▶ **What to produce**
Within the records below, find the line with "Płytka ceramiczna ok." and the line with "Placa Selenite Lotus Mandala 10cm", then reproduce exactly those two lines and all lines between them, without any picture.

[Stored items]
##############################

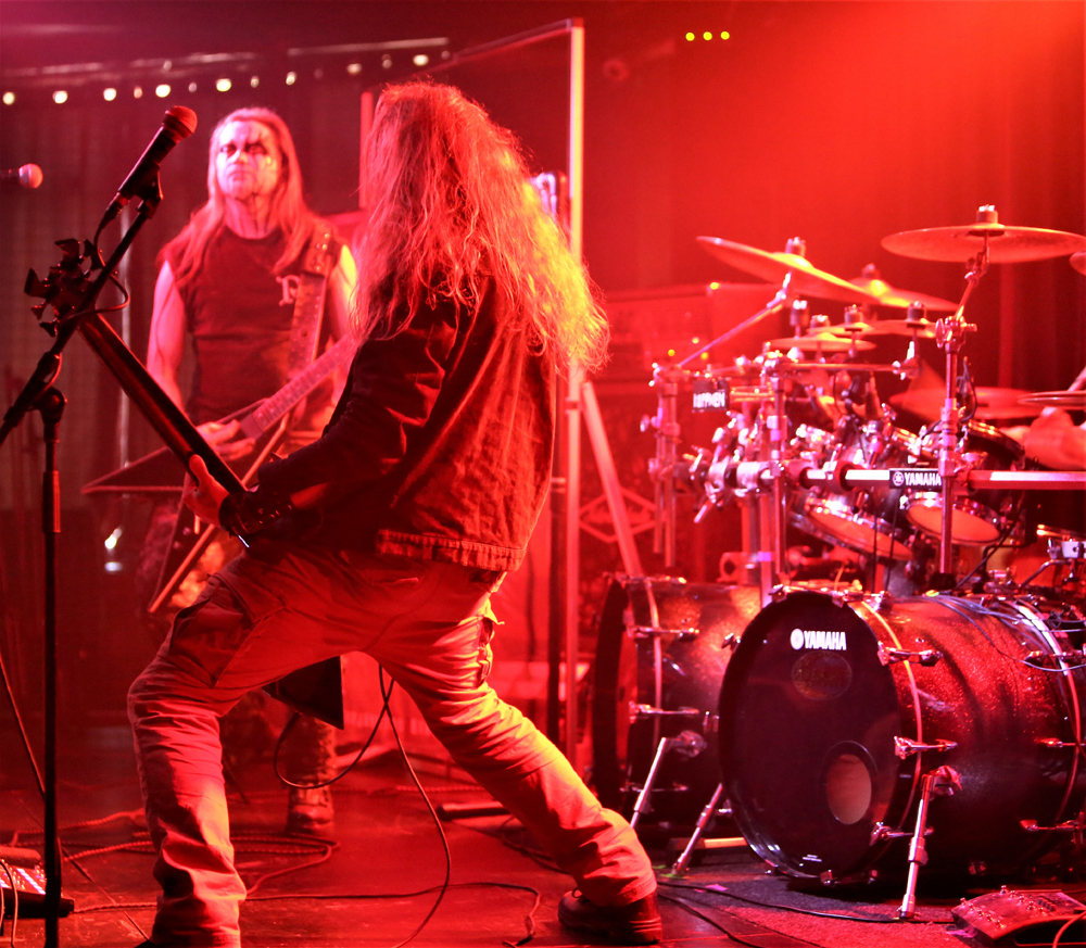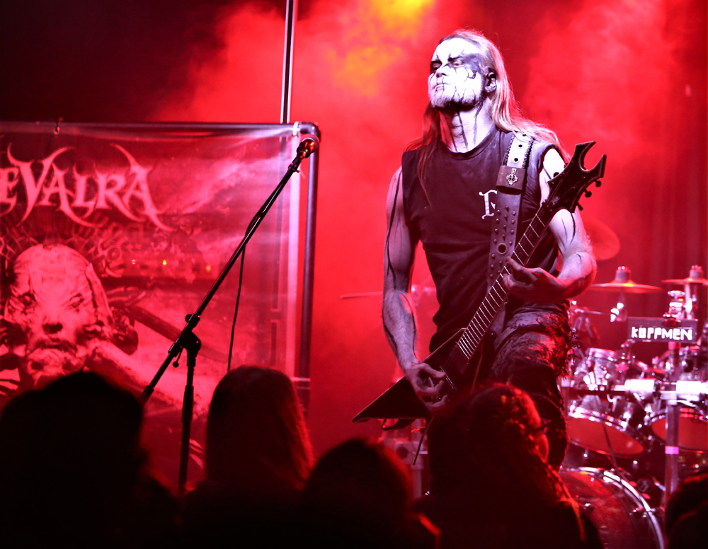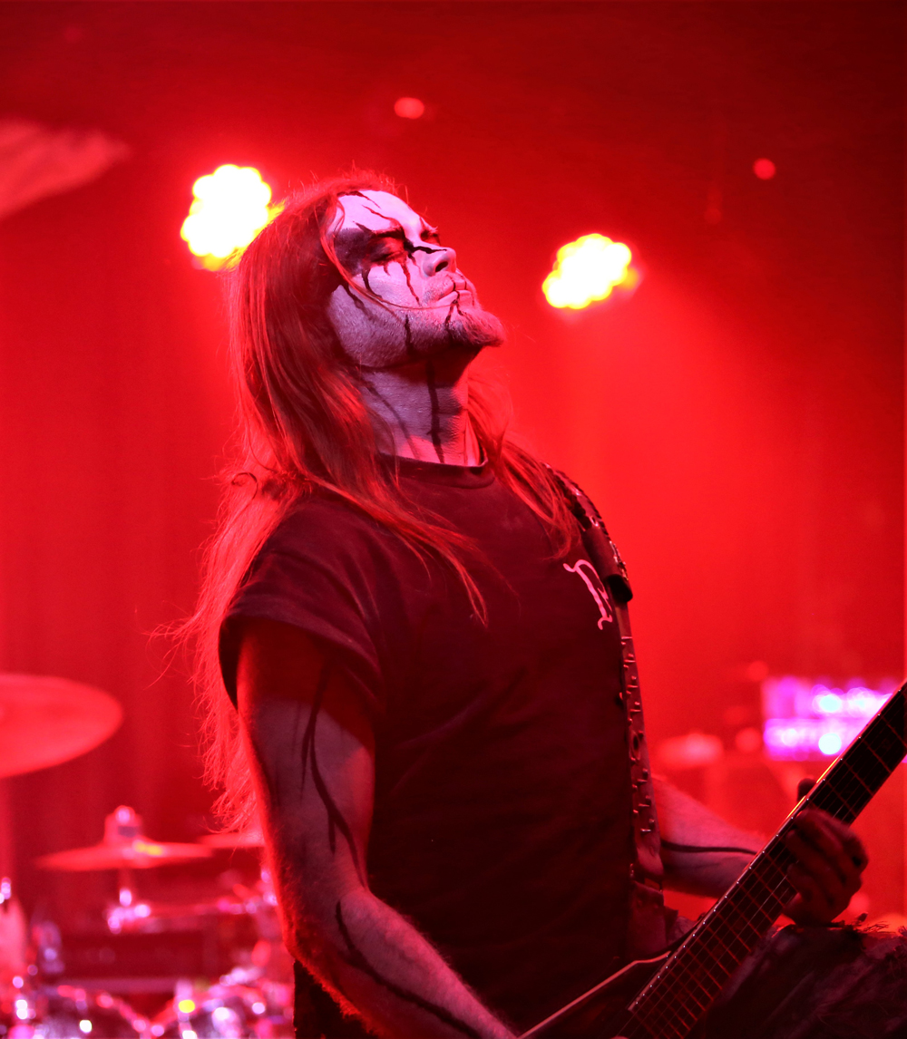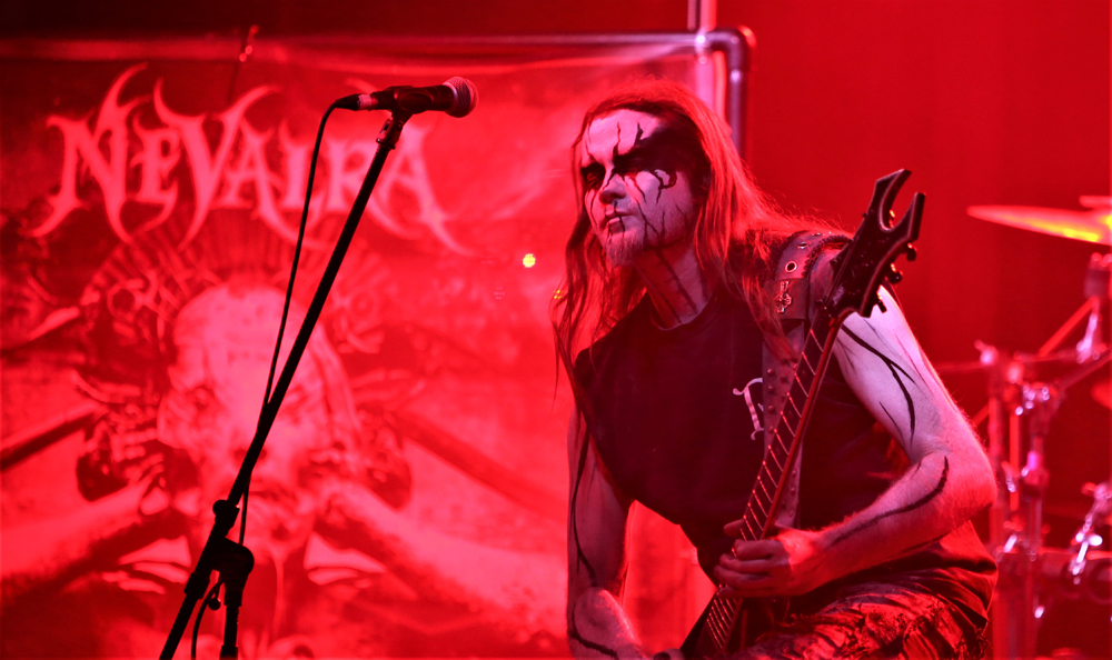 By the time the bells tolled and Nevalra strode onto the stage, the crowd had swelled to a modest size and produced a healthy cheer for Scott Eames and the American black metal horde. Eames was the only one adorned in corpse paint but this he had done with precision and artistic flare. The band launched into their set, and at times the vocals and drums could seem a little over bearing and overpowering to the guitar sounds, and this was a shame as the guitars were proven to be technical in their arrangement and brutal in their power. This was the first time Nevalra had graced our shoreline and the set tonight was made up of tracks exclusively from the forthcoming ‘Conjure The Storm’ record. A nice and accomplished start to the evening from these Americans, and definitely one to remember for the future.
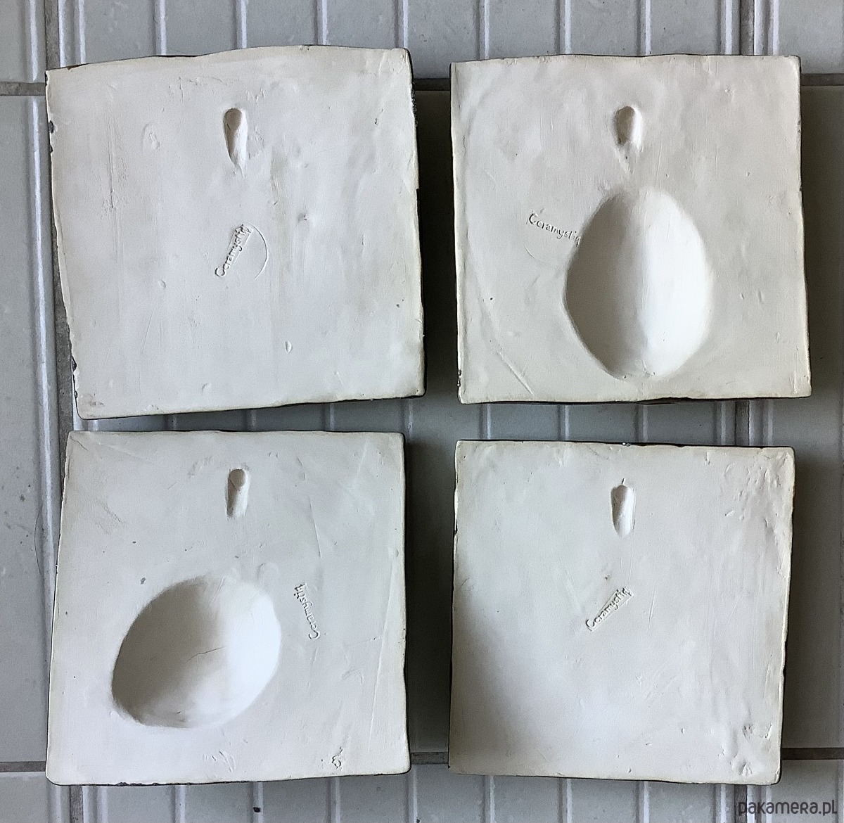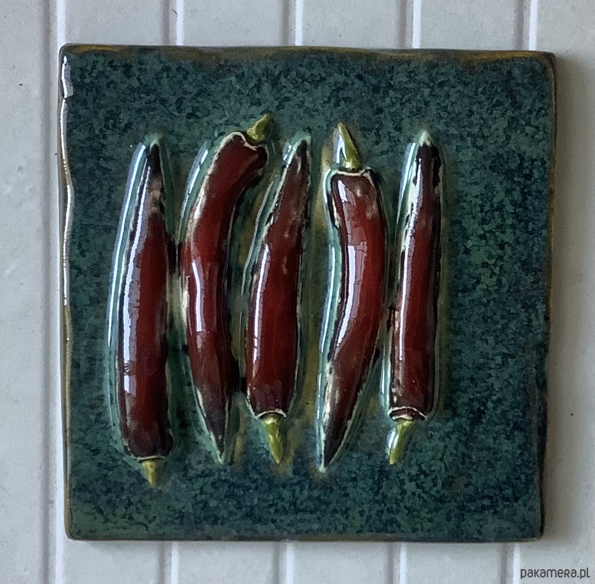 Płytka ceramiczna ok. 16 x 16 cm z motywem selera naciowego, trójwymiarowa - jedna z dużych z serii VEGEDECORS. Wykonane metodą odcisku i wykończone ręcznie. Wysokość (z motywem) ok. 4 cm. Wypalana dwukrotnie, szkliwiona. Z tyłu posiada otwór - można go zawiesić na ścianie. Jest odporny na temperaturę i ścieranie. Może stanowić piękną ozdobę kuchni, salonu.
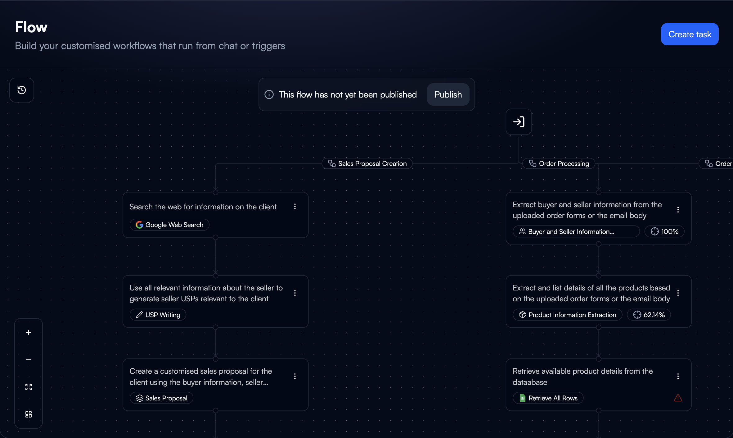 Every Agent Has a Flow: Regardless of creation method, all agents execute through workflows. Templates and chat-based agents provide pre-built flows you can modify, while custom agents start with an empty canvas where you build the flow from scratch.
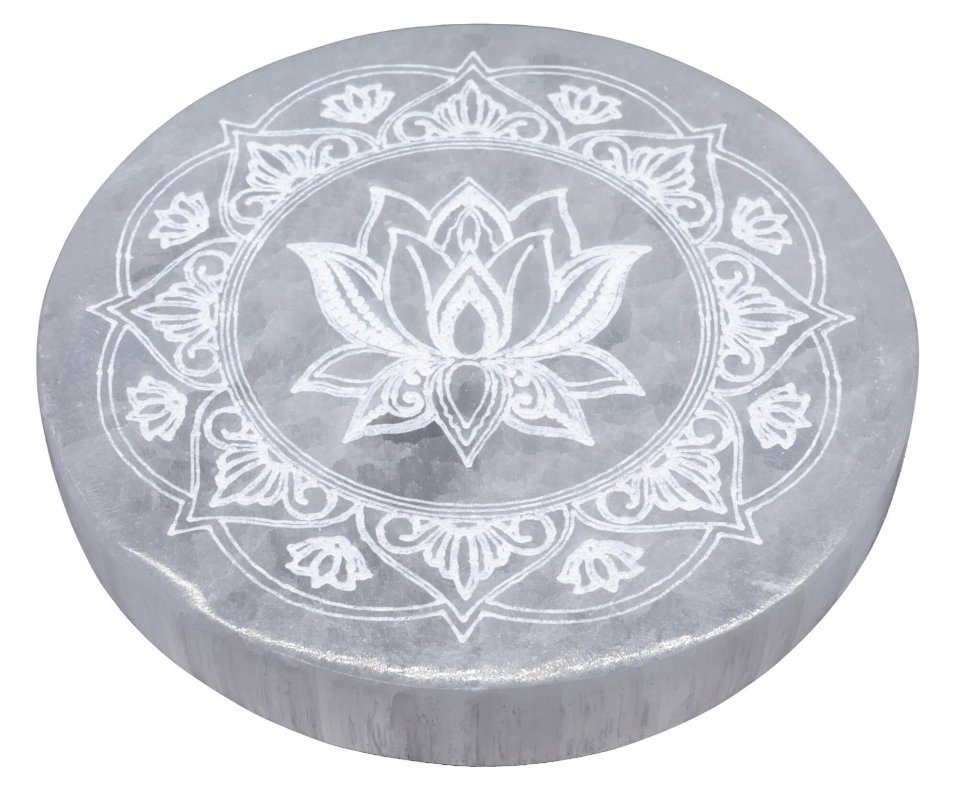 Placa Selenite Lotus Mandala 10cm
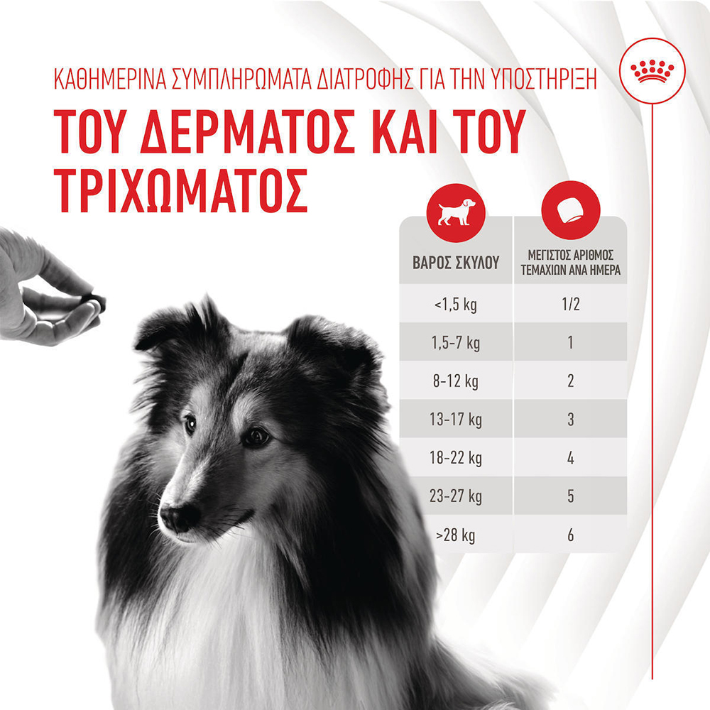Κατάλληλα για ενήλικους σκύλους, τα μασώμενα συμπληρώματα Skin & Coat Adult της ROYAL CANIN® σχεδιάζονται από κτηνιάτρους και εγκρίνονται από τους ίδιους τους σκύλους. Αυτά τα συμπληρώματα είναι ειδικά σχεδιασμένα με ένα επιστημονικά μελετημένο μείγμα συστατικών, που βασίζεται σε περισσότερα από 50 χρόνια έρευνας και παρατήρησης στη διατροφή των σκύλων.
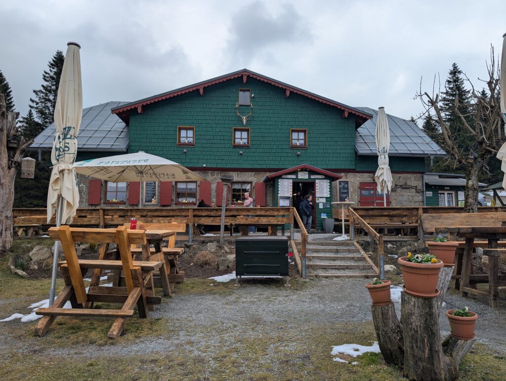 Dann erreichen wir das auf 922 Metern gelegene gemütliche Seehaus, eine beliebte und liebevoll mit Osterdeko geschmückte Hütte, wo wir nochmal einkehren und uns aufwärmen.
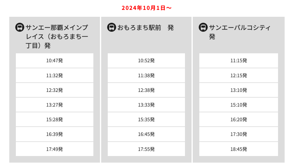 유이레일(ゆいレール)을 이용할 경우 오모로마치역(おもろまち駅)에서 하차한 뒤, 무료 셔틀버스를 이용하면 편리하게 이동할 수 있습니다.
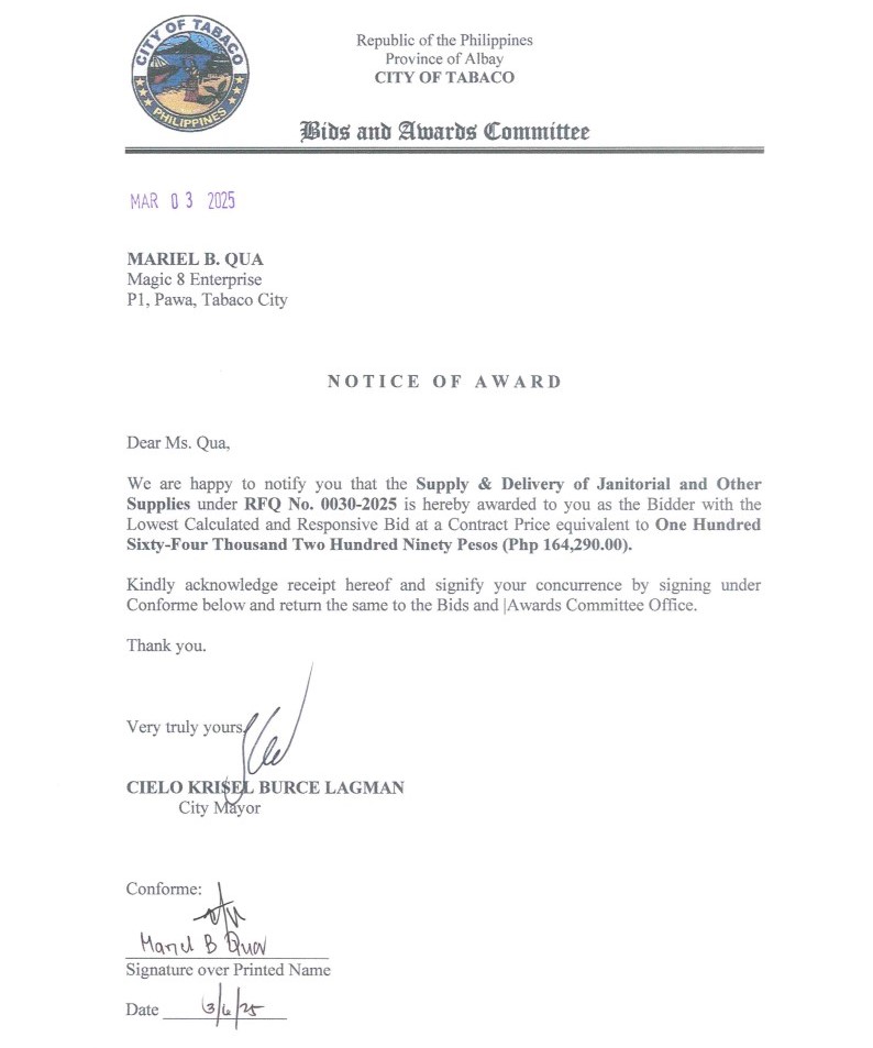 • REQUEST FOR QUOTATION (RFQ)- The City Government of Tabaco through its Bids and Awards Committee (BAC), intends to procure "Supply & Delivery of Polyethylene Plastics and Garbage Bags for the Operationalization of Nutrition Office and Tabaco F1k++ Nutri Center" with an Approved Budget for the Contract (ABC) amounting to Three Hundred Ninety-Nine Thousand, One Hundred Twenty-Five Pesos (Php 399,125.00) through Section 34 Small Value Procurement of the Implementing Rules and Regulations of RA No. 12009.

##############################

▶ **Exercise output**
 Płytka ceramiczna ok. 16 x 16 cm z motywem selera naciowego, trójwymiarowa - jedna z dużych z serii VEGEDECORS. Wykonane metodą odcisku i wykończone ręcznie. Wysokość (z motywem) ok. 4 cm. Wypalana dwukrotnie, szkliwiona. Z tyłu posiada otwór - można go zawiesić na ścianie. Jest odporny na temperaturę i ścieranie. Może stanowić piękną ozdobę kuchni, salonu.
 Every Agent Has a Flow: Regardless of creation method, all agents execute through workflows. Templates and chat-based agents provide pre-built flows you can modify, while custom agents start with an empty canvas where you build the flow from scratch.
 Placa Selenite Lotus Mandala 10cm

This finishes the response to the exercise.